Now true we said nothing of showers in our request of what not to do in the bathroom. So she had us on a technicality. She also had us standing holding up a heavy plumbing stack that the existing supports could NOT carry and her shower was running all over our feet with nowhere to go but stand firm and carry the weight. It was the decided with much discussion,...again NOT! Bill took off running up the stairs with great urgency. Water was running across the basement floor to the low spot, away from the drain toward absorbent piled cardboard boxes filled with what could be family treasures.
Cresting the stairs after momentarily stunning himself on a low floor joist he struggled with the always stiff ancient basement doorknob. We believe (Jack and I) this alerted their indoor horse with canine features. Of course we couldn't say for sure it transpired this way, we're just going on what we're hearing as we couldn't leave our heavy burden behind.

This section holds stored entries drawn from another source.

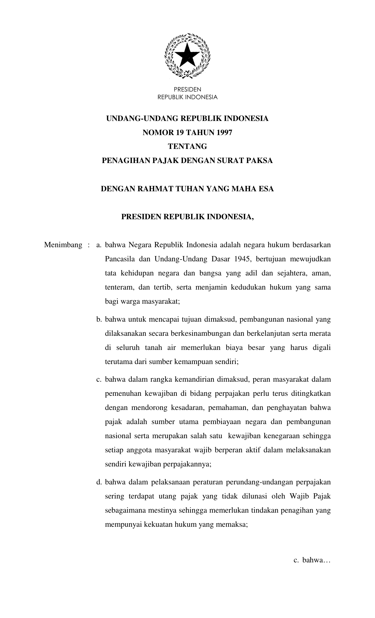 UU Nomor 19 Tahun 1997 | Undang-Undang Nomor 19 Tahun 1997 tentang PENAGIHAN PAJAK DENGAN SURAT PAKSA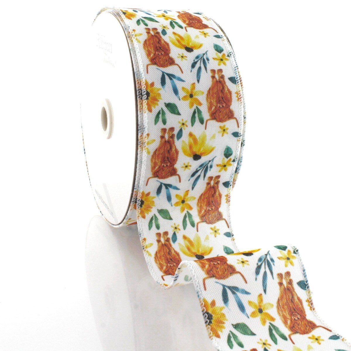 2 1/2" Wired Ribbon Sunflower Highlander Cow 25 Yards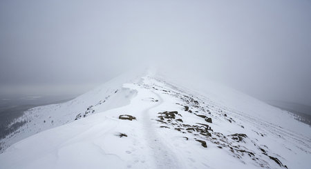 A snow-covered mountain ridge with a path leading into thick fog and mist. Clear details and vibrant colors en...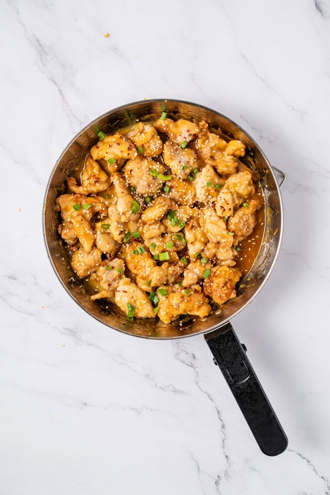 Yes! Coat the chicken, lightly spray each piece with oil, then air fry at 190°C (375°F) for about 12–15 minutes. While the chicken cooks, prepare the sauce on the stovetop. Once both are ready, toss the air-fried chicken into the hot glaze until evenly coated.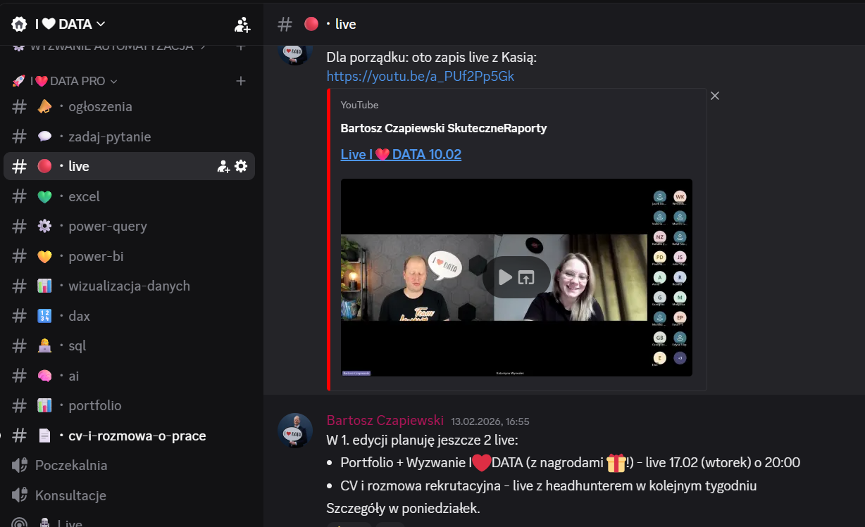 Masz pytania do I❤️DATA? Przyjdź o 20:00 na LIVE Q&A i zadaj je na żywo. Odpowiem na wszystkie wątpliwości na temat czasu, kosztów, rat i narzędzi: Ile czasu trwa program I❤️DATA? Ile czasu potrzebuję poświęcić tygodniowo? Ile kosztuje I❤️DATA? Czy program to to samo co kurs EXPERT? Jak działają raty? Jaką formę płatności na stronie wybrać, aby zapłacić na raty? Co, jeśli się rozmyślę po pierwszej racie? Ile kosztują narzędzia do kursu? W jakim programie można stworzyć takie interaktywne portfolio? Czy można przejść przez Wyzwanie Wizualizacja lub Automatyzacja jeszcze raz? Czy trzeba być ekspertem w Excelu czy można być początkującym? Czy można ofertę dla pracodawcy po angielsku? Czy są materiały po angielsku? Jak wygląda platformy, społeczność Discord i live'y?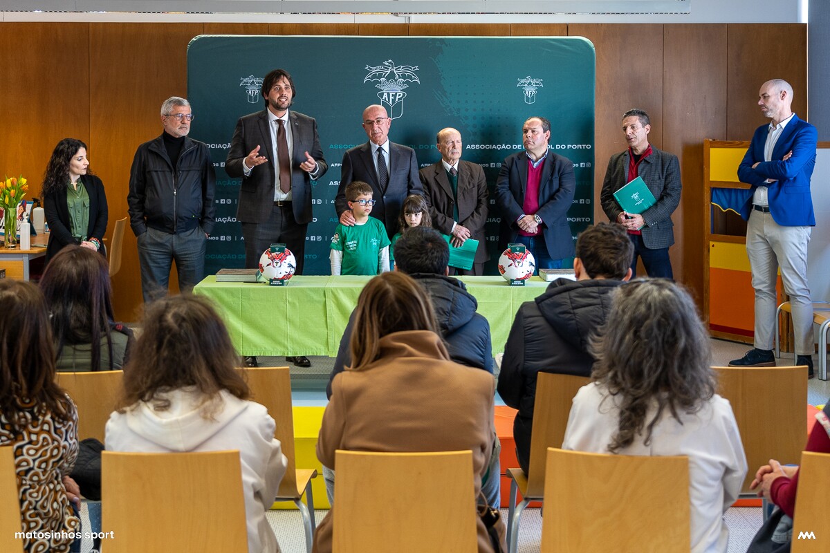 Na cerimónia protocolar de assinatura entre José Neves, Presidente da Associação de Futebol do Porto e Paulo Gaspar, Diretor do Agrupamento de Escolas Irmãos Passos, esteve também o Vereador do Desporto, Vasco Pinho acompanhado por Henrique Calisto, Administrador Executivo da Matosinhos Sport.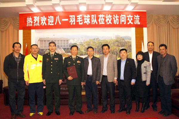 座谈中,李冀闽感谢八一羽毛球队对华大羽毛球队的大力支持,并希望将共建模式推向新高度,希望八一羽毛球队刻苦磨练的军人精神在华大得到发扬,进一步完善体教结合的模式,共同探索体教模式的规律和发展方向。李冀闽指出,双方要站在学校发展战略的角度上,将华大体育事业发展到新的水平。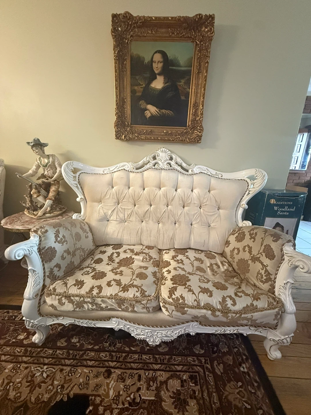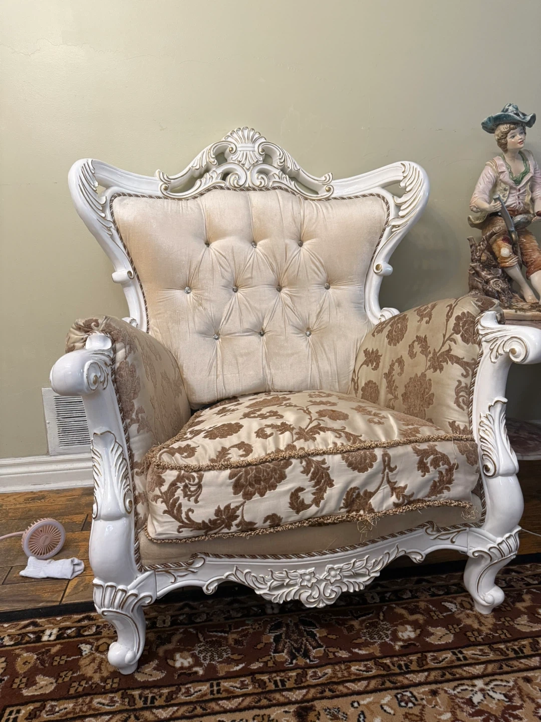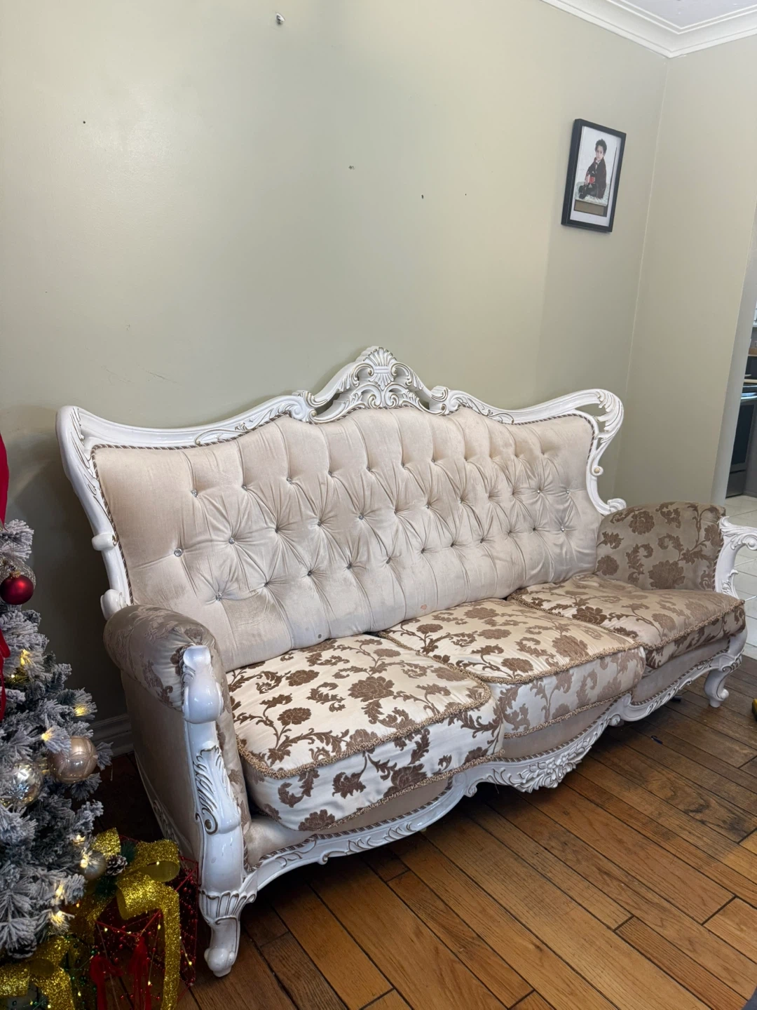 Selling a beautiful vintage-style sofa and armchair set! The set features ornate white detailing and patterned cushions. Perfect for adding a touch of elegance to any living space. It's in great condition and ready for a new home!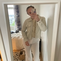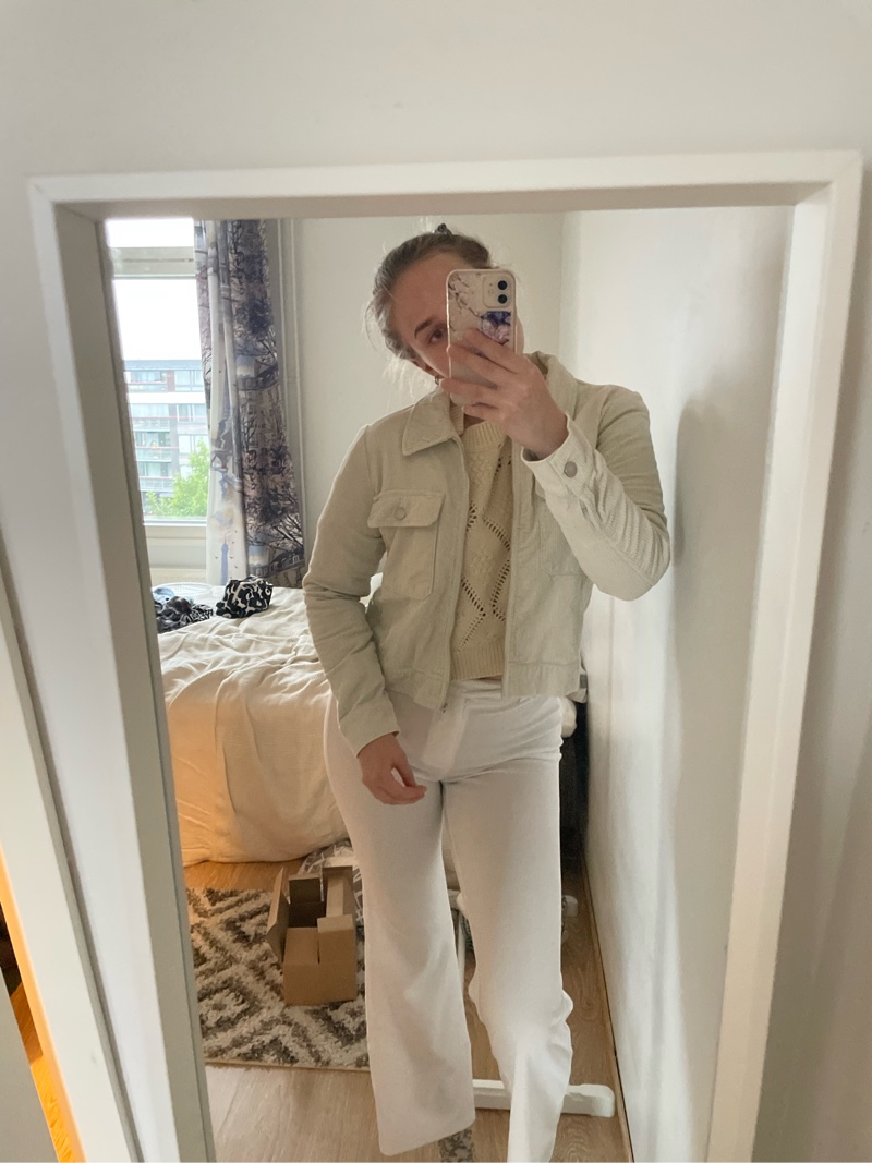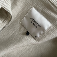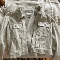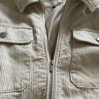 Beige corduroy takki vetoketjulla ja taskuilla.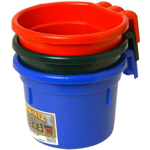 Little Giant Plastic Hook Over Feed 8 qt. is a pail designed to be easily hooked over any 2-by-wide board using its molded-in brackets. This durable and impact-resistant hook over can serve as a sturdy feed bucket with holes that allow you to screw it down in more permanent situations. This pail's rounded corners enables easy feeding access and makes it perfect for alpacas, llamas, goats, sheep, and small horses. This pail comes in blue and can hold up to 8 quarts or 2 gallons.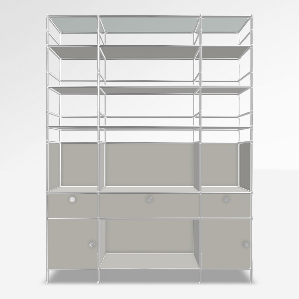 Regal System4 in Seidengrau, mit Glas Satiniert. 2 x Tür, 3 x Schublade, 13 x Offenes Element, 12 x Offenes Element ohne Boden.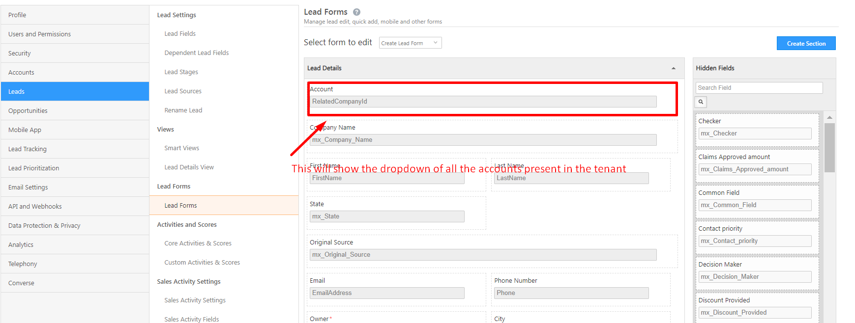 To associate a lead with an account, you can add the field “RelatedCompanyId” in the form “LeadForms”. This field is specific to the account module and will display as “Account” when filled.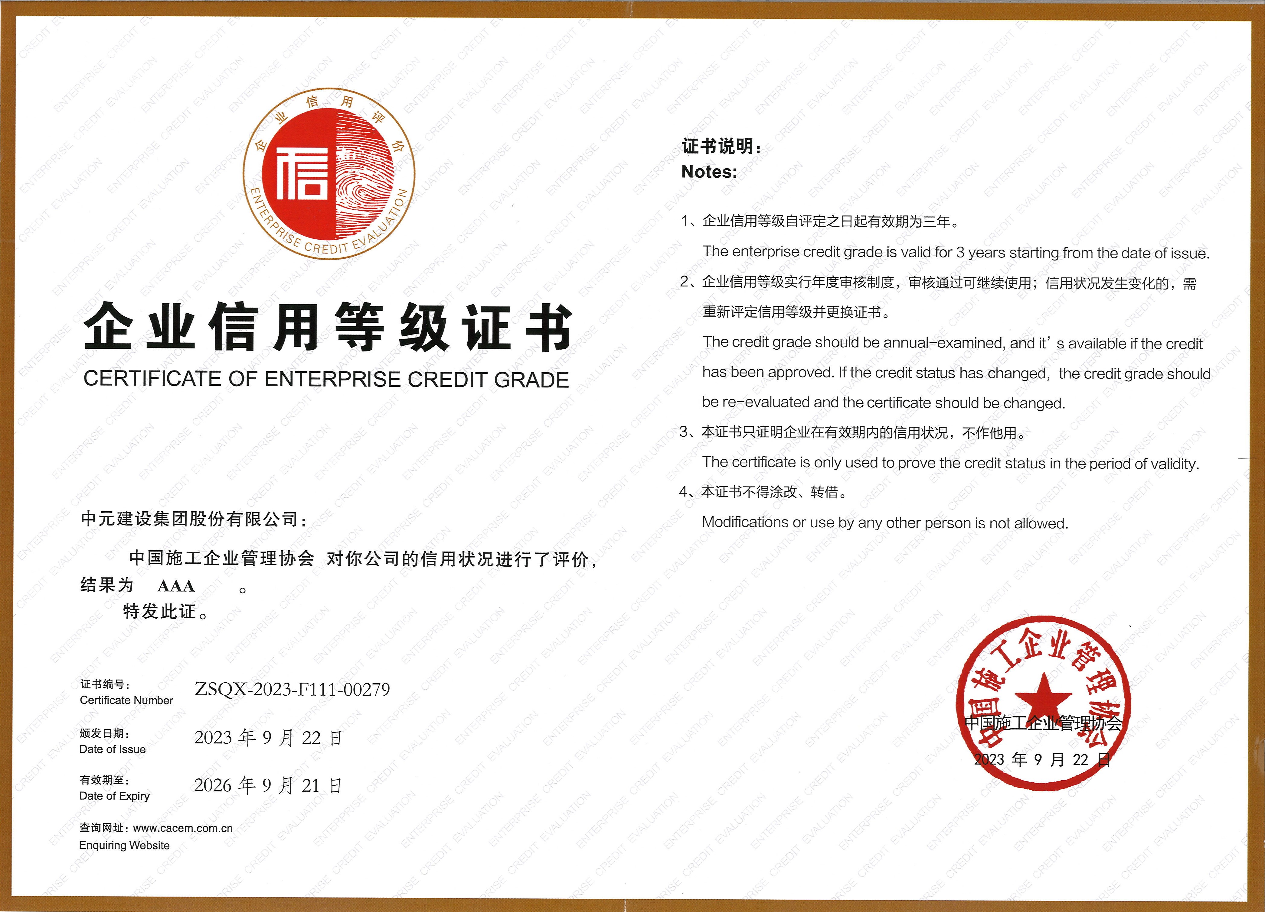 2023年度第一批工程建设企业信用评价结果(AAA)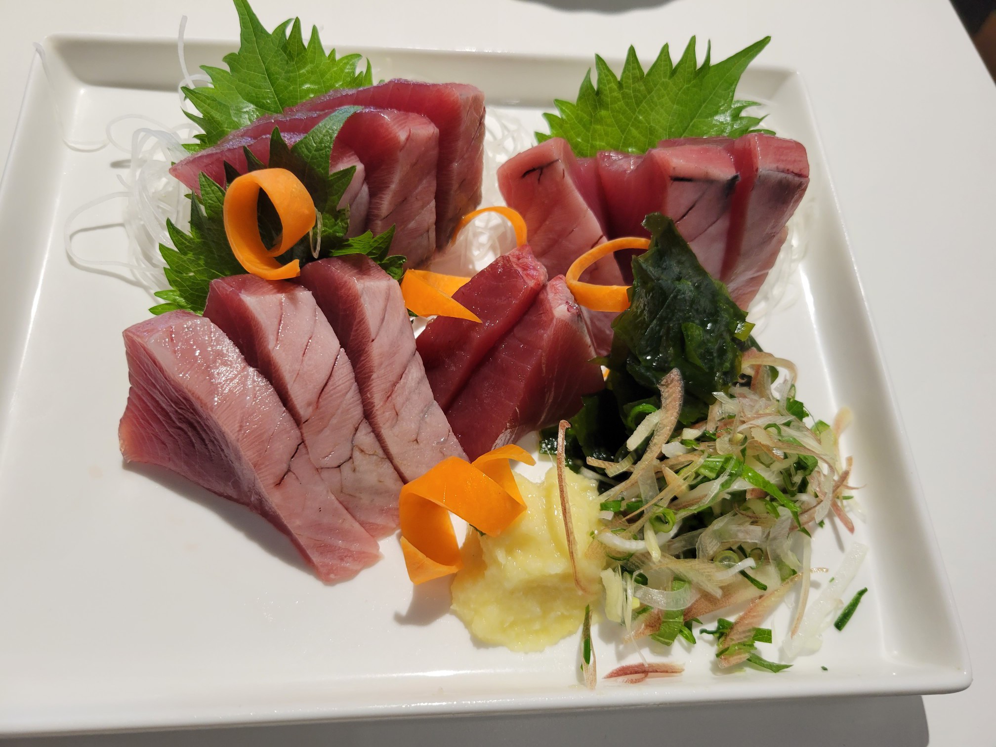 撮影では、市場食堂できれいに盛り付けられたお刺身を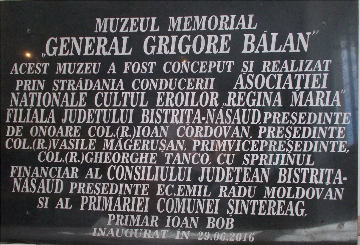 Muzeul a fost conceput și realizat de membrii Asociației Naționale Cultul Eroilor „Regina Maria”, Filiala Județeană Bistrița-Năsăud „Colonel Liviu Rusu”: col (rtg) Ioan Cordovan, col (rtg) Vasile Măgerușan și col. (rz) Gheorghe Tanco, cu sprijinul financiar al Primăriei comunei Șintereag, primar ec. Ioan Bob. Un sprijin special am primit și din partea cap. Adrian Prodan din Brigada 81 Mecanizată „General Grigore Bălan”.

Just as soon as Bill was through the basement door to the upstairs that dog was on him. 'ROPE ROPE ROPE.' Jack an I had a blind mans front seat to all this. We couldn't see a thing as our story played out in surround sound. Our heads went left then right, then hesitated, then started moving again following urgent footsteps upstairs. Doors open, closed, footsteps and the tickety tick of dogs nails all pulled at our ears 'ROPE ROPE ROPE ROPE' Bill was on the move again. It wasn't till our heads were looking straight up that the screaming started. Bill had locked himself in the bathroom away from the dog that ate a horse. It was also in the same room the lady upstairs was taking a shower in and she wasn't too fond of male visitors in her bathroom.
"SHUT THE WATER OFF! SHUT THE WATER OFF! " Bill bellowed.
"Ahhh! Tom there's someone in the bathroom!" She screamed
"Toms not home!" Bill pointed out.
Now this made her scream even louder! It was at this point Jack and I got the giggles and we couldn't stop laughing.
A door opens again, feet running, dog chasing rapid feet, screaming, Jack and I are trying to keep pace with the audio cues. The basement door opens, and a much louder 'ROPE ROPE ROPE' fills our ears. The basement door then slams shut and a dog yelps. Silence,...but for the dripping of water on the floor. The lady had shut off the shower, and judging by her footsteps was coming down to the basement to offer us coffee. NOT!
"Well that was a short day." I stated with great obliviousness as we drove away. Bill shot me a look that said if you ever mention this he had better be long dead and gone or it will be you that's dead and gone.
Next year it will be 30 yrs. that I lost my good friend Bill due to a heart attack. He was a kind church-going Saint of a man and an even better employer. And that was one of the funniest day I ever had plumbing. I think 29 years qualifies for long gone.